Today, Michael had a solo part in one of the songs. When his mom dropped him off at the church early, she promised she'd be back to hear him.

As the kids were lining up, one of the adults asked, "Is your mom here?"

"I don't know."

"Is she coming back to hear you?"

A shrug of the shoulders is all she got in reply.

"Well, is she coming to take you home?"

Again, no definite answer.

"Well, if she doesn't come, we'll be sure that you get home."

Michael and the others headed out on stage. No mom. I have never seen a child go from lighthearted to brokenhearted so fast. He'd never show it; he's a "tough guy." But you could tell that it hurt him that his mom never came.

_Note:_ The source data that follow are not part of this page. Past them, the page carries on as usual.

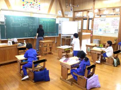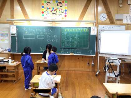 3つの数の計算に取り組んでいます。できた子から先生に見てもらっています。
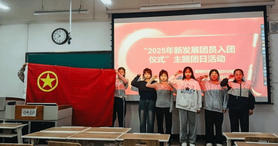 入团仪式上,团支部书记、优秀团员代表为新发展团员代表颁发团章、团员学习笔记本,佩戴团徽。全体团员胸戴团徽,举起右拳,面向团旗,庄严宣誓,充分展现了团员青年积极向上、奋发有为的青春风采,表达了新团员们为共产主义事业奋斗终身的坚定决心。优秀团员和新团员代表作表态发言,纷纷表示要努力学习,知行合一,以更高的标准要求自己,用实际行动践行“请党放心,强国有我”的青春誓言。
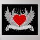 Ilustracion de corazón rojo con alas sobre fondo negro
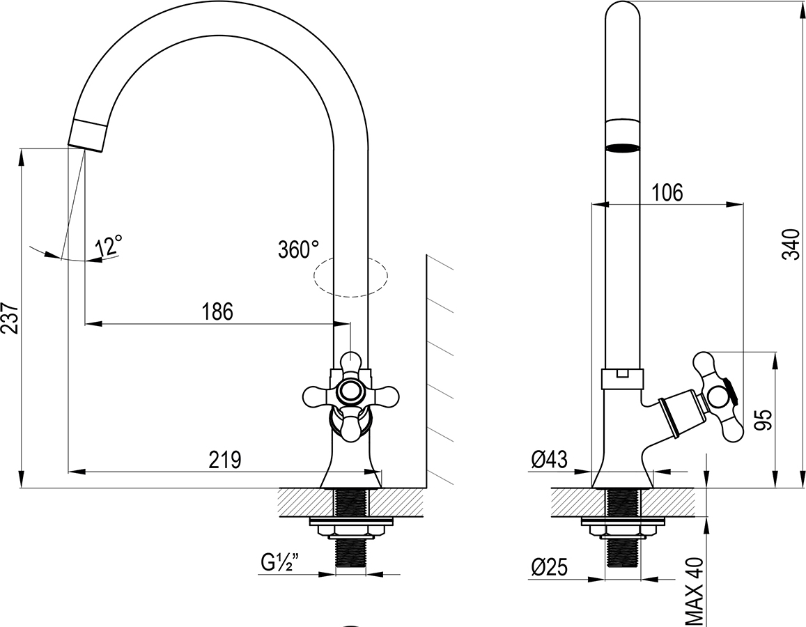 - Корпус крана с высоким поворотным изливом с аэратором, кран-буксой с керамическими пластинами и металлической рукояткой Присоединительная группа для настольного крепления
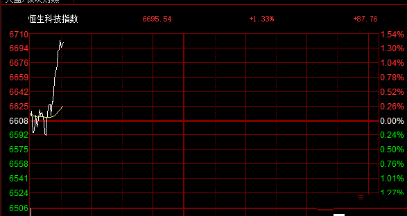 港股主要指数短线拉升上扬,恒指涨0.19%,国指涨0.67%,恒生科技指数涨1.4%。此前三大指数均下跌。
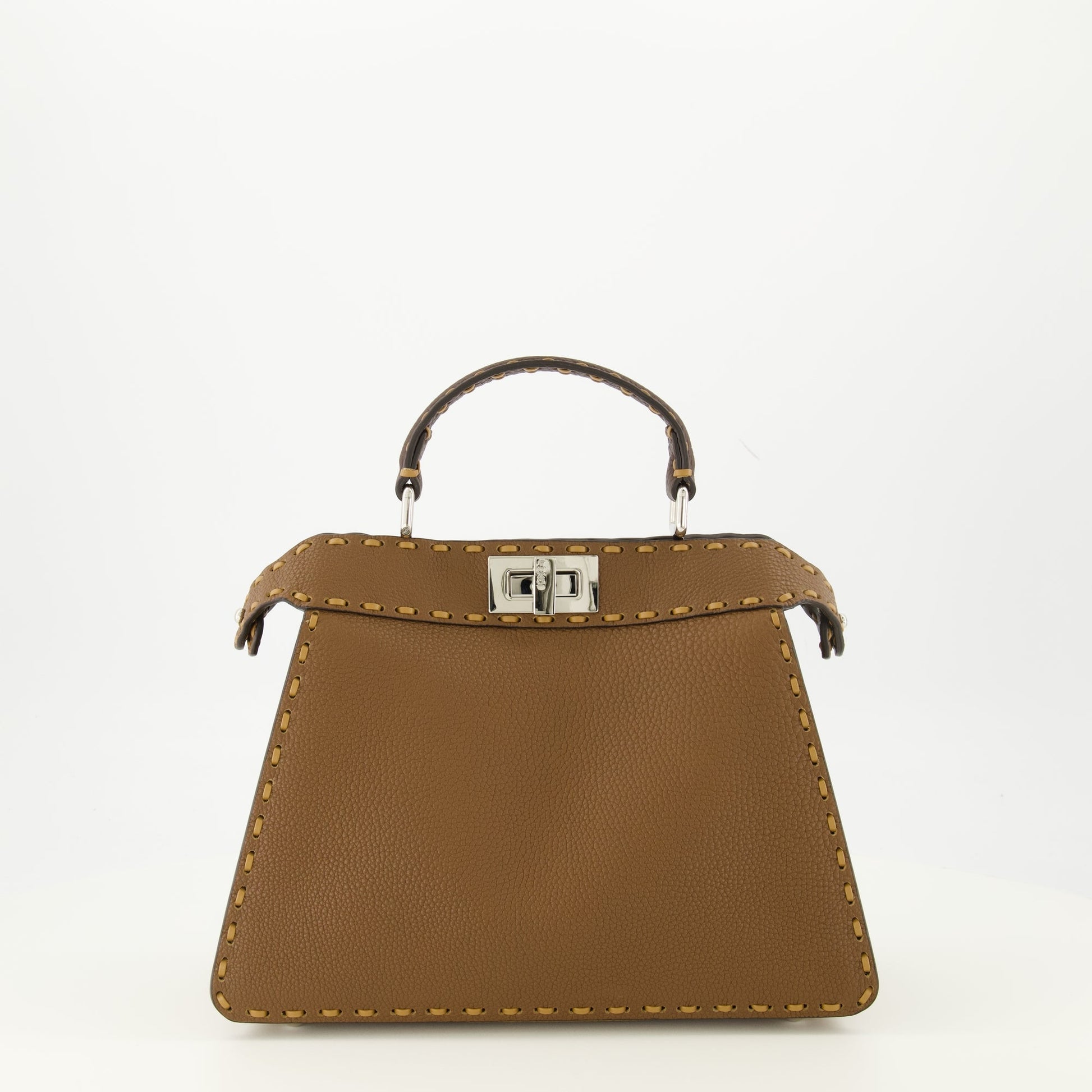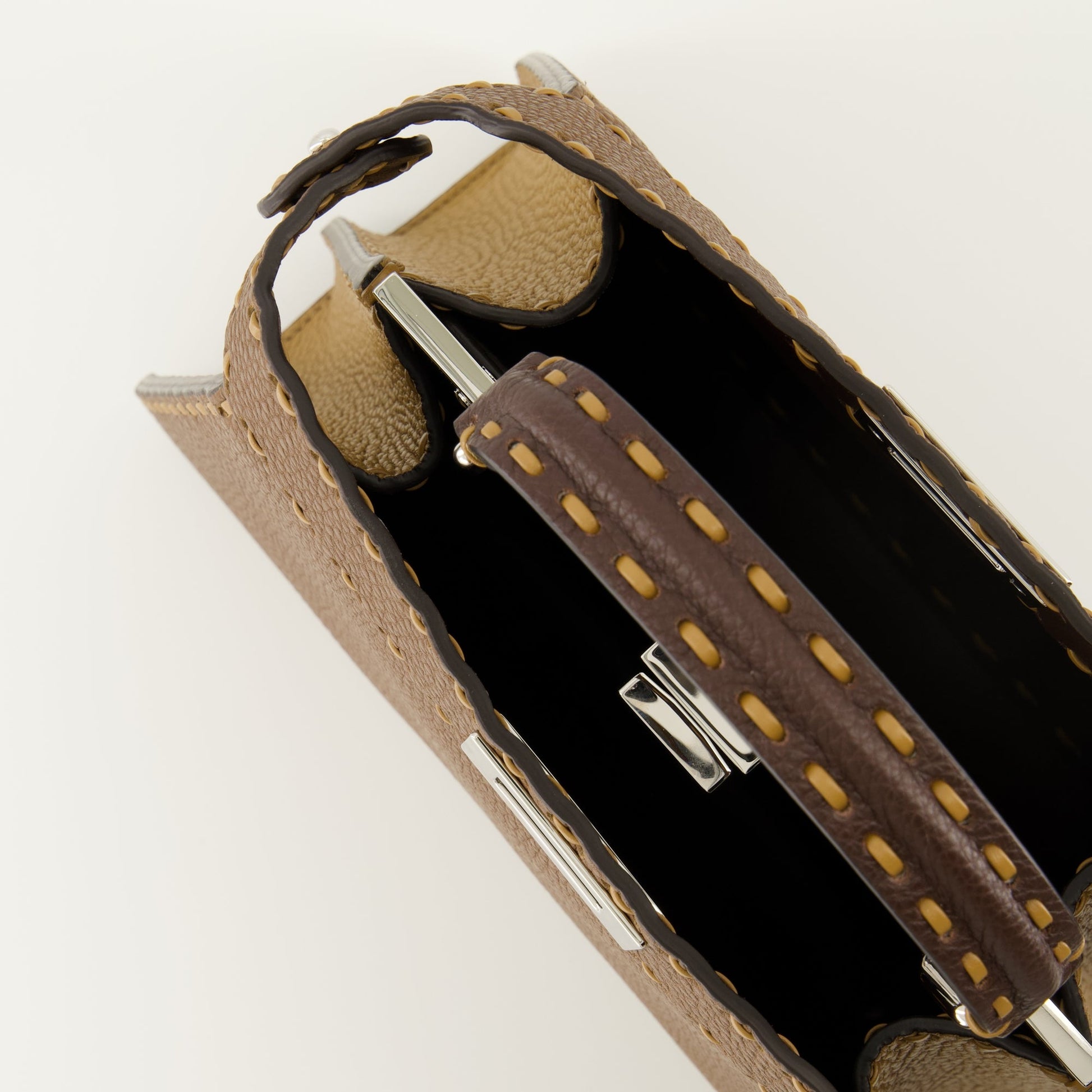 The Peekaboo ISeeU bag from Fendi is an elegant accessory for women, crafted from brown calfskin leather. It is part of the Autumn-Winter 2025 collection, combining sophistication and functionality.
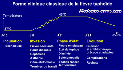 Pouls dissocié, taches rosées lenticulaires, angine de Duguet
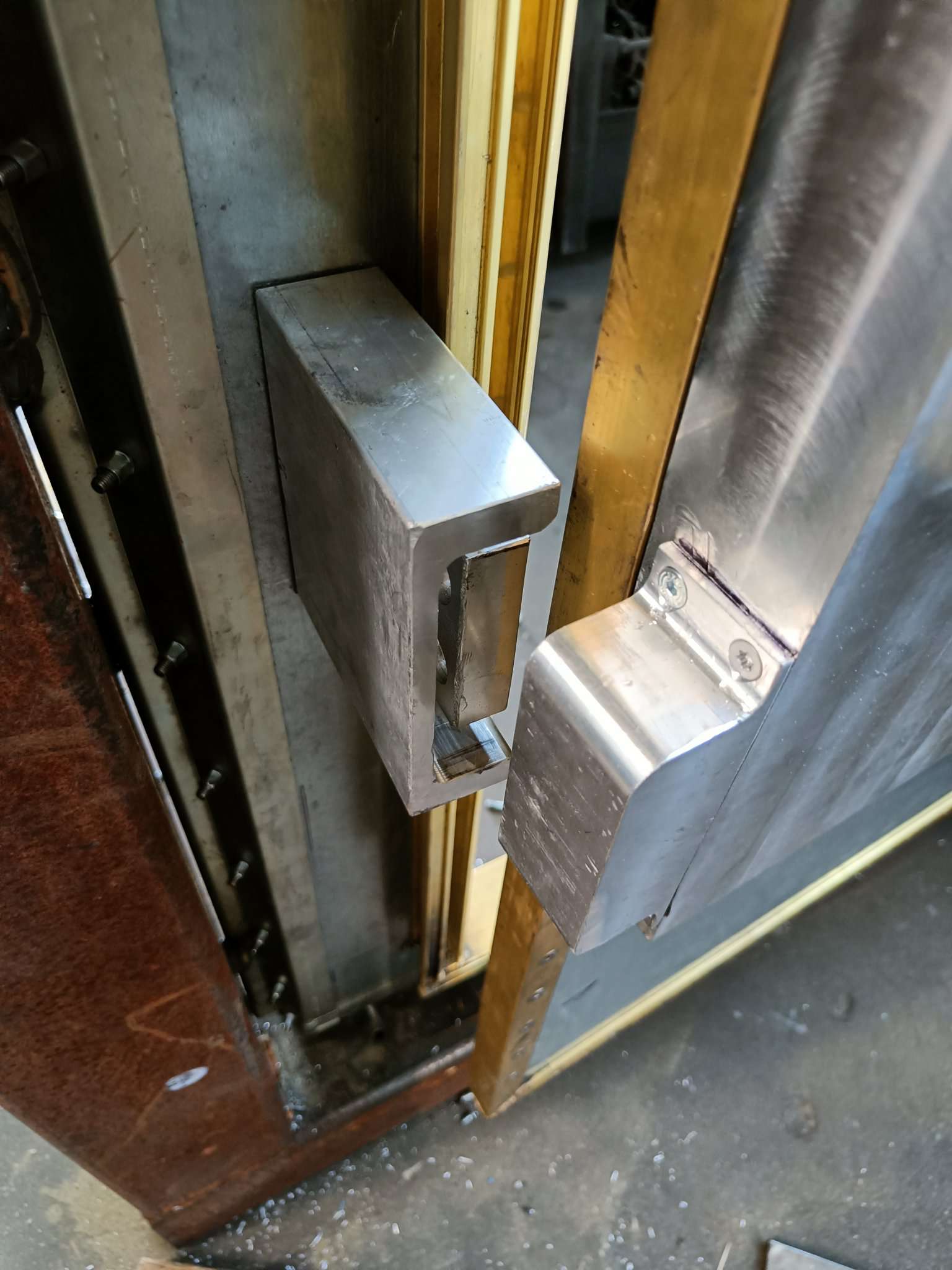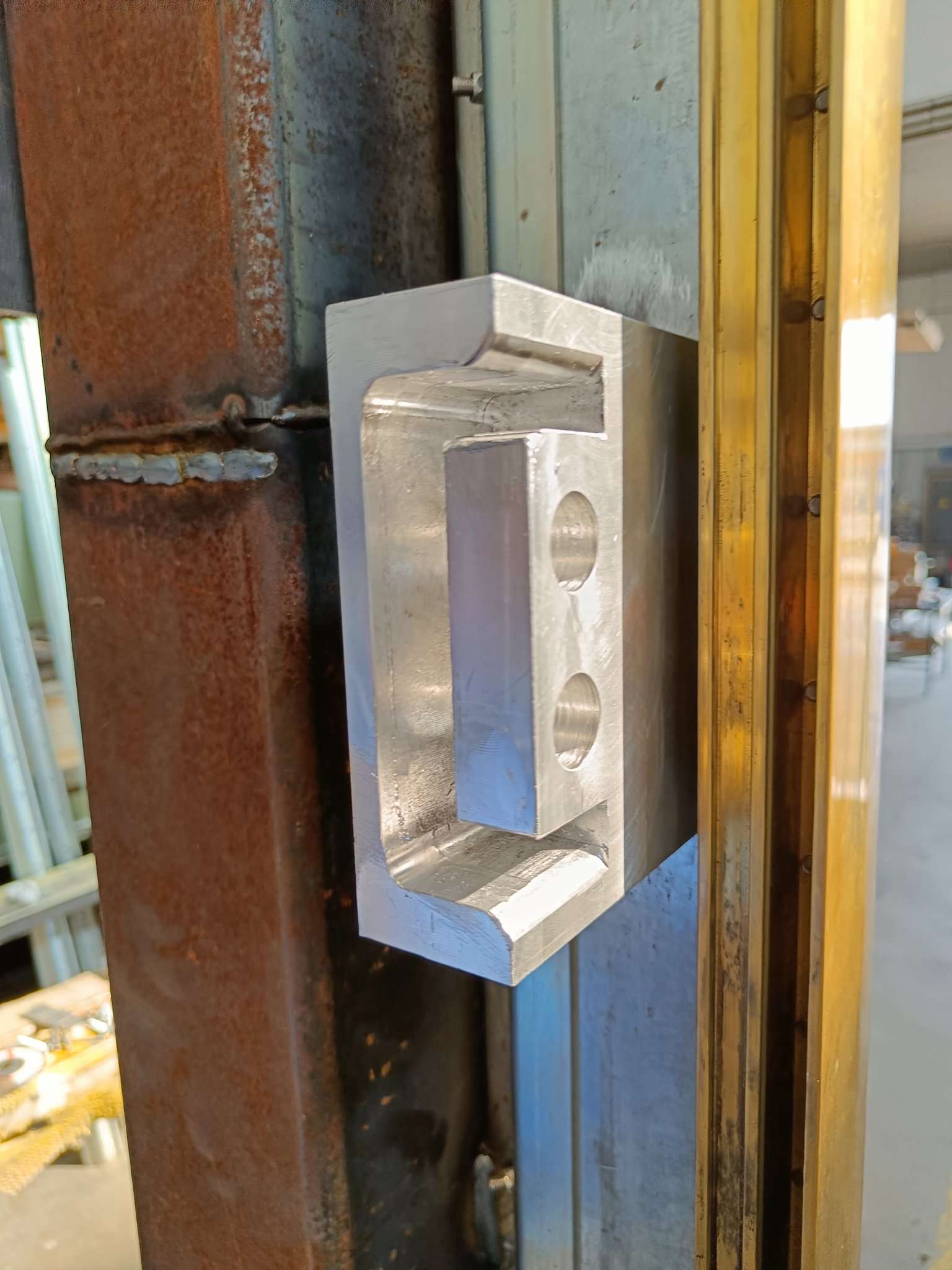 Il supporto serratura è ricavato con macchinari CNC partendo da un blocco pieno 1300x200x60mm, così anche le tasche in cui ingaggiano i catenacci dei deviatori e della serratura centrale.
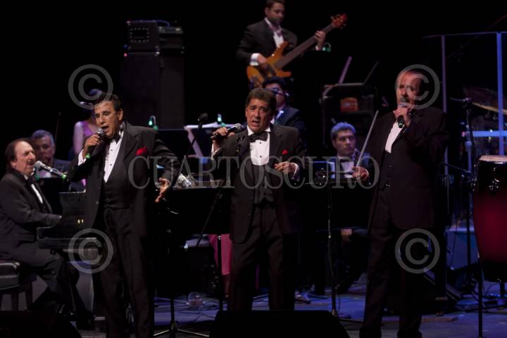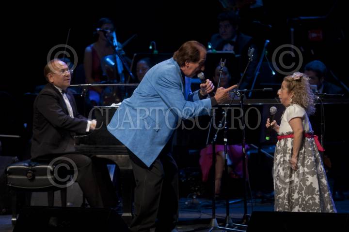MÉXICO, D.F., 03AGOSTO2012.- El director Musical, Arturo Castro, Gualberto Castro, Jorge Castro Jr. y Benito Castro, ofrecieron un concierto la noche de ayer en el Teatro de la Ciudad con motivo del homenaje por sus 50 años de trayectoria le rindió el Gobierno del DF, la Asociación Nacional de Actores y La Sociedad de Autores y Compositores y La Sociedad de Locutores. Entre los invitados que compartieron escenario estuvieron los maestros Armando Manzanero, Kiko Campos, Felipe Gil, Manuella Torres y la cómica María Elena Saldaña. FOTO: FRANCISCO RODRÍGUEZ /CUARTOSCURO.COM
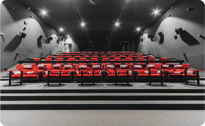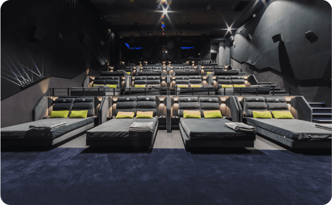 Кинопространство mooon в ТРЦ Palazzo представлено уникальными концептуальными кинозалами с запоминающимся тематическим дизайном, которые придутся по душе не только взрослым, но и совсем маленьким киноманам. Кинопространство дополняют и эксклюзивные варианты, обеспечивающие новый уровень комфорта: 8 закрытых приватных комнат, находящихся за стеклом в самом кинозале и рассчитанных на 2-4 гостей, для которых это помещение превращается в персональный кинотеатр. Идеальный вариант для влюблённых пар, желающих уединения, а также родителей с маленькими детьми. Кинопространство mooon в ТРЦ Palazzo представлено 7 концептуальными залами.
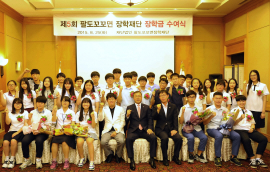 최재문(앞줄 오른쪽 다섯 번째) 팔도 꼬꼬면장학재단 이사장과 이경규(〃〃여섯 번째) 이사 등이 25일 전북 전주시 완산구 기린대로 르윈호텔에서 ‘제5회 팔도 꼬꼬면 장학재단 장학금 수여식’을 열고 97명의 고교생에게 7000만 원의 장학금을 지급했다.
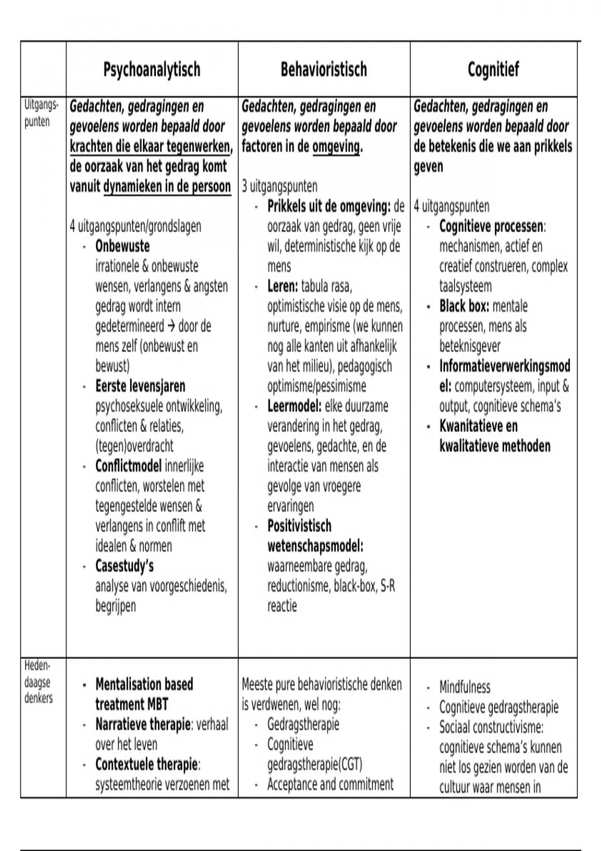 Schema/samenvatting met kort de 6 benaderingen van de psychologie in

It's for kids like Michael that I keep working with children. In spite of the hard work, long hours, exasperating tantrums and seemingly endless list of complicated situations that come with it, it's worth it. If I can make one child feel loved, even if it's just once a week, then it's worth it.

And I have faith that Michael and every single one of my children can and will grow up to be beautiful sons and daughters of God, no matter their situations now, no matter how hard a hand life seems to have dealt them.

So, if you think about it, say a little prayer for my kids now and then, will you? For all the children growing up in this world today, I say a prayer.

Saturday, July 4, 2009

Happy Independence Day!

I celebrated July 4th by hanging around the house all day then spent a thrilling night at a fairly customer-forsaken Walgreens. We were bored out of our minds. Never have I wished the clock to move faster.

While I was standing there passing the time, I came up with nothing profound (I bet you thought I was going to awe you with some amazing thought, but no...Walgreens just doesn't inspire me). The only think I could think was how tired I was of working weekends. Every. Single. Weekend.

That thought was still in my mind when I got home, so I decided to see what I could learn from it. (I'm a psych major, after all!) The train of thought went something like this: "I hate working weekends. But that's what this job is: nights, weekends and holidays. So this job really stinks. So I need to get a better job. Which means I need to stay in school."

So that's it: I'm staying in school so that I can get a job that I actually like having and don't regret taking.

Then I started thinking, "Why do I hate working weekends so much?"

Simple answer: Because my work schedule is keeping me away from those I love and miss.

As stated earlier, I work nights, weekends and holidays. When I work multiple days in a row, sometimes I can go two to three days without seeing my parents. And I've been keeping up with my sister more via Twitter than by actual conversation.

This schedule has also hindered my getting to hang out with friends, especially those who live any distance away. Some of them I'll see when I go back to school in a month. Others, I'll have to be content with phone calls and instant messaging for long periods of time because school will replace work (and I might continue to work during the school year), and I'll still be in the same predicament. And that's enough to make me want to cry.

So, in light of all this, I now have three, firmly established life goals: to bless God in all that I say and do, to do what I love and love what I do, and to keep those I love close to me (emotionally and spiritually if physically isn't an option) because the pain of separation has created such a hole.

Since the first one prohibits my complaining about the latter two, I will end this little note by being "joyful in hope, patient in affliction, faithful in prayer" (Rom. 12:12). I thank God that I have a job, I rejoice in the coming relief (school), I ask God to keep my loved ones safely in His arms until I can see them again, and I pray for the endurance to attain my goals.

But, as Miley Cyrus says, "It ain't about how fast I get there. Ain't about what's waiting on the other side. It's the climb."

May God bless each of you in your individual climbs.